____ Available data

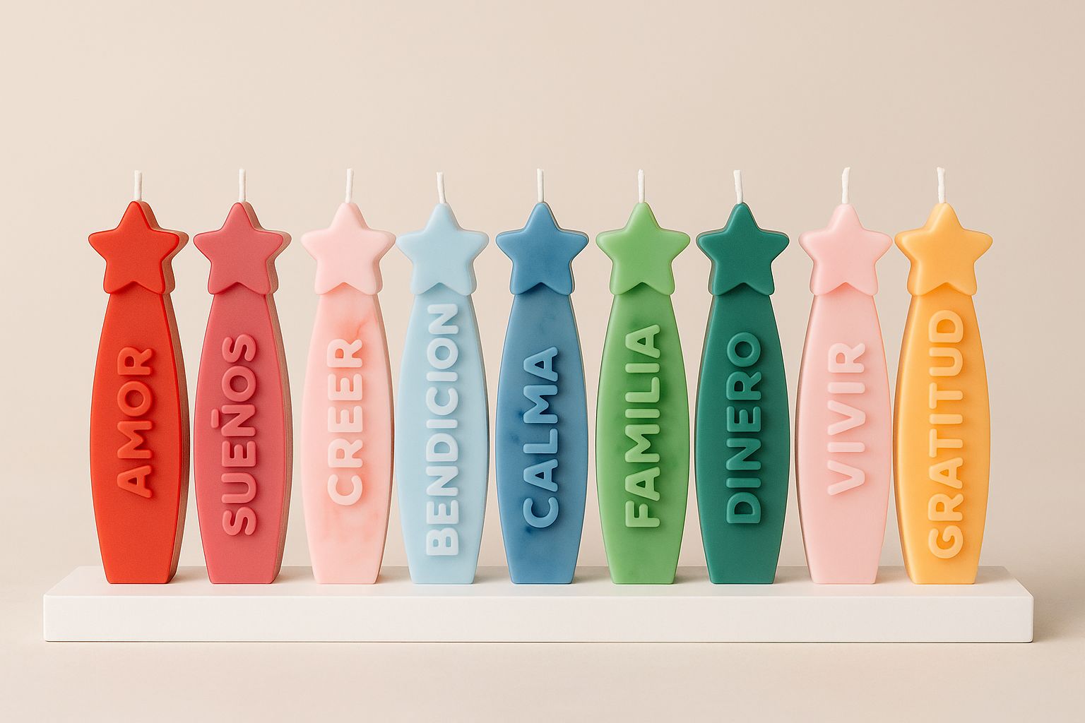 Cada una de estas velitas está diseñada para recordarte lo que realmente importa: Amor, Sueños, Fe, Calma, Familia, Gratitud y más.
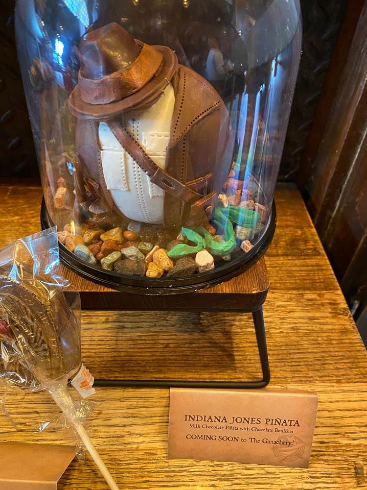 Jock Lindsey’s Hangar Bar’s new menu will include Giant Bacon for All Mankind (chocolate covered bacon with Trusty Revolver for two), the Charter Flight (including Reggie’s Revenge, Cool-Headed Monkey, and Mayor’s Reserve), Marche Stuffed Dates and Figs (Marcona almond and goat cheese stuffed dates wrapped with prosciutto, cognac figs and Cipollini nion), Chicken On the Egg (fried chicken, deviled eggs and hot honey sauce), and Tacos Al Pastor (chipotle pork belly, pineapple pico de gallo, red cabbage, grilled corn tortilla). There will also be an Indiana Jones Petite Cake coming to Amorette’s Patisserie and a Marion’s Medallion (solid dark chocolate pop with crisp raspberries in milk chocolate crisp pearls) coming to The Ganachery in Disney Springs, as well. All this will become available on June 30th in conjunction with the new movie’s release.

________
____ Available data

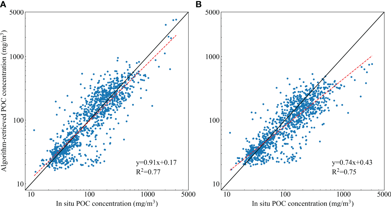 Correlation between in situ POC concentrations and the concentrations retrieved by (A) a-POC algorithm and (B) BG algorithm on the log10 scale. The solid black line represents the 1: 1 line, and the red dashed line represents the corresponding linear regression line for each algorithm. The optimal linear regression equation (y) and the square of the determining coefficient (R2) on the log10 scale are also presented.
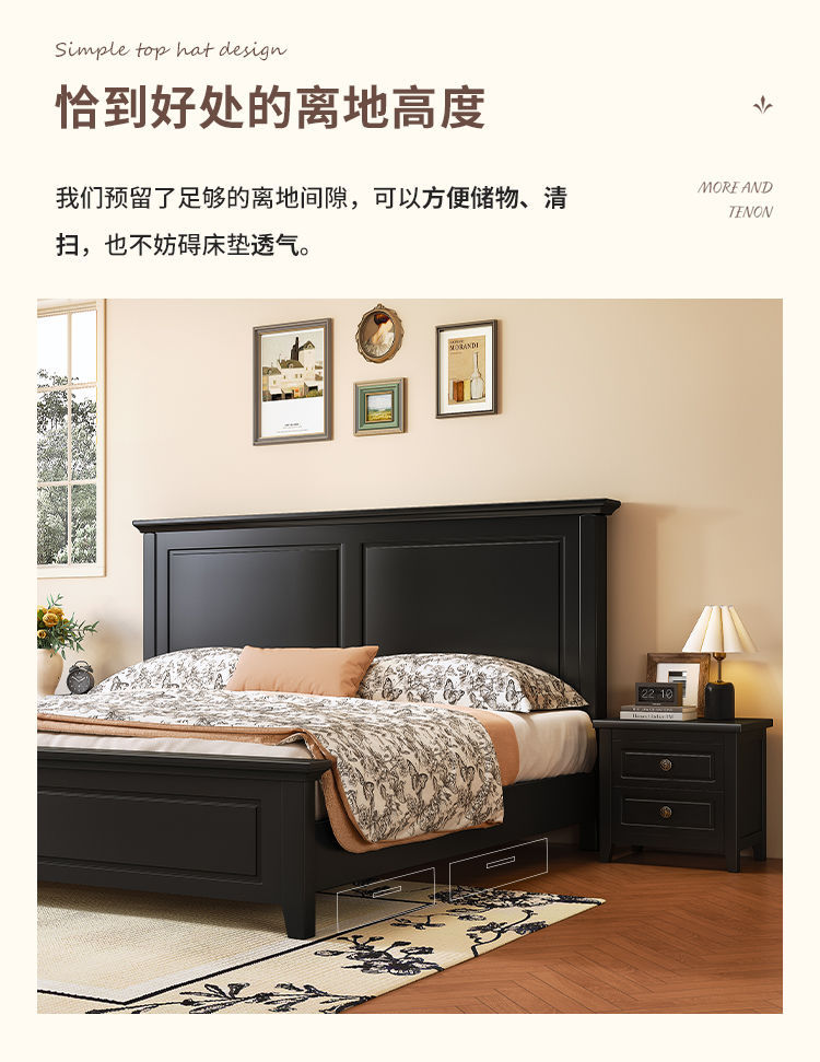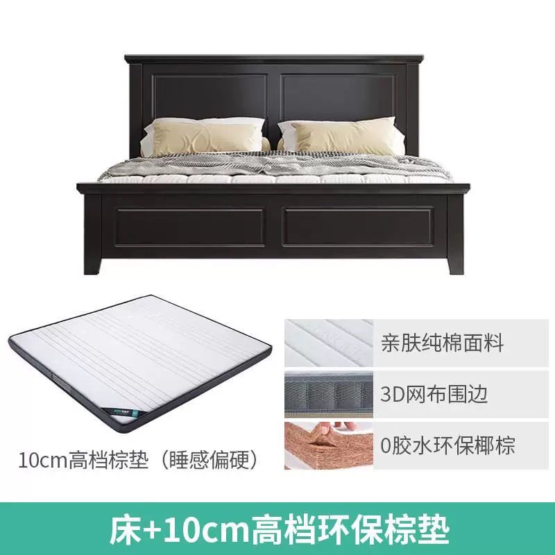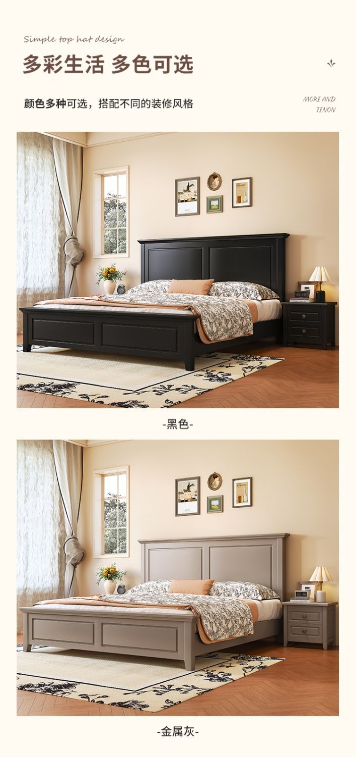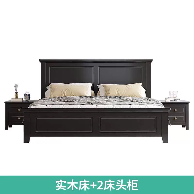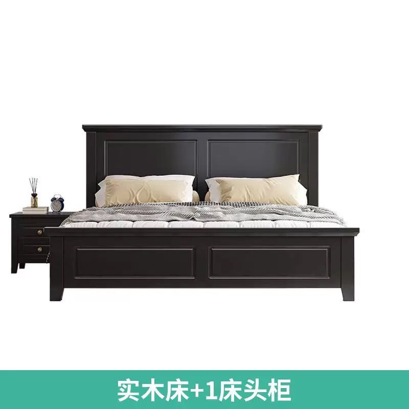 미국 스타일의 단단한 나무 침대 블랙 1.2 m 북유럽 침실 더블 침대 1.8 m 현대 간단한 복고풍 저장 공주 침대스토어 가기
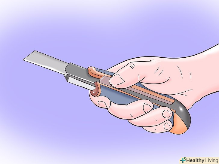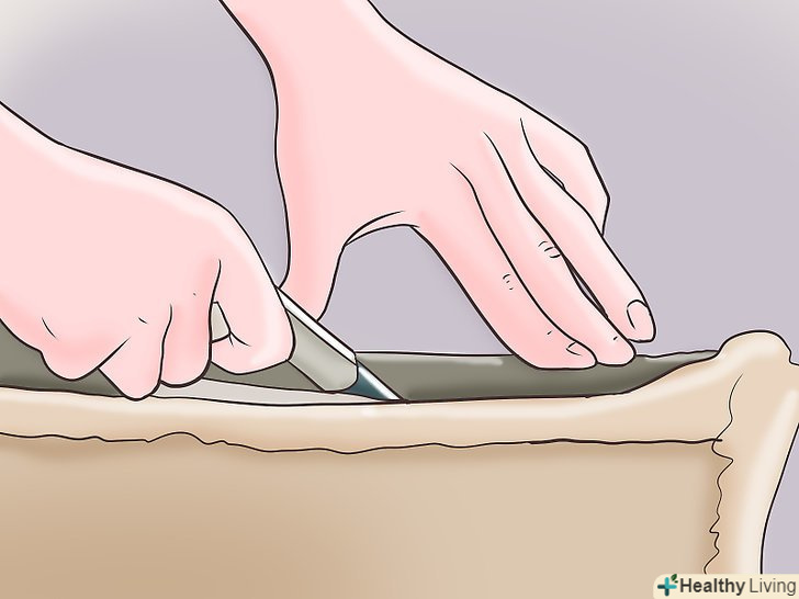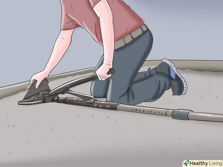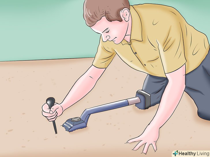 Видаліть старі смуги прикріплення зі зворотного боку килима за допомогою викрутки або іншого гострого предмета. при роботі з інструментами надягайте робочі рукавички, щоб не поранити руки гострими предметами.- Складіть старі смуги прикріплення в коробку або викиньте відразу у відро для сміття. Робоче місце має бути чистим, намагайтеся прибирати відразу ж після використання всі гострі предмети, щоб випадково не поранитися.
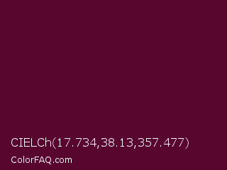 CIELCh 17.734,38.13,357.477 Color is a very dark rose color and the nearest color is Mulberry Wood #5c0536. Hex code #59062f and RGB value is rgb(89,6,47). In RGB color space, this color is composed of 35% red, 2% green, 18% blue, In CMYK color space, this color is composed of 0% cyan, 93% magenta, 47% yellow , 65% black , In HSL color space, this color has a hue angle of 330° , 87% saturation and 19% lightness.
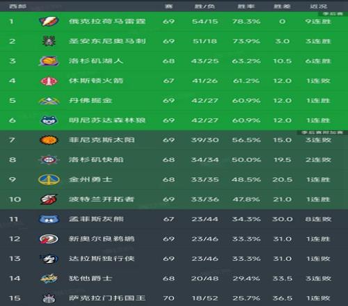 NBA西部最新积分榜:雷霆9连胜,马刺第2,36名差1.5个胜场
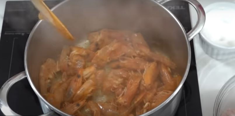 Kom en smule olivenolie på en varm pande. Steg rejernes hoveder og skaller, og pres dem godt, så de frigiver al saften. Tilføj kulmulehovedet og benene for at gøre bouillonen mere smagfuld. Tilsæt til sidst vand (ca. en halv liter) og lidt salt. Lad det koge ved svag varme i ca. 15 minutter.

________
____ Available data

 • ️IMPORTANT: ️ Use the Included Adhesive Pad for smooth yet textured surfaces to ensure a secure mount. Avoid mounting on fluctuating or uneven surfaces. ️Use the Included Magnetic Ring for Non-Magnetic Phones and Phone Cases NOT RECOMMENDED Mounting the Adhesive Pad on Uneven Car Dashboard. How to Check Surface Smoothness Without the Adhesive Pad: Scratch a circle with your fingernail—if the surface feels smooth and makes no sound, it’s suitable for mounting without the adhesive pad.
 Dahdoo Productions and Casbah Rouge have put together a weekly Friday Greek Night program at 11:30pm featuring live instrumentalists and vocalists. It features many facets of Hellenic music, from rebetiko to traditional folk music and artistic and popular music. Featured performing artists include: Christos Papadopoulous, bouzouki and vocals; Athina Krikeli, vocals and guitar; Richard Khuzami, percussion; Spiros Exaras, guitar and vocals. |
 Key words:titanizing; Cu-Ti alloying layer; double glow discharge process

________

Once the line with "Cada una de" has been found above, output that line and every later line exactly, stopping after the line with "Jock Lindsey’s Hangar", and omit the pictures.

 Cada una de estas velitas está diseñada para recordarte lo que realmente importa: Amor, Sueños, Fe, Calma, Familia, Gratitud y más.
 Jock Lindsey’s Hangar Bar’s new menu will include Giant Bacon for All Mankind (chocolate covered bacon with Trusty Revolver for two), the Charter Flight (including Reggie’s Revenge, Cool-Headed Monkey, and Mayor’s Reserve), Marche Stuffed Dates and Figs (Marcona almond and goat cheese stuffed dates wrapped with prosciutto, cognac figs and Cipollini nion), Chicken On the Egg (fried chicken, deviled eggs and hot honey sauce), and Tacos Al Pastor (chipotle pork belly, pineapple pico de gallo, red cabbage, grilled corn tortilla). There will also be an Indiana Jones Petite Cake coming to Amorette’s Patisserie and a Marion’s Medallion (solid dark chocolate pop with crisp raspberries in milk chocolate crisp pearls) coming to The Ganachery in Disney Springs, as well. All this will become available on June 30th in conjunction with the new movie’s release.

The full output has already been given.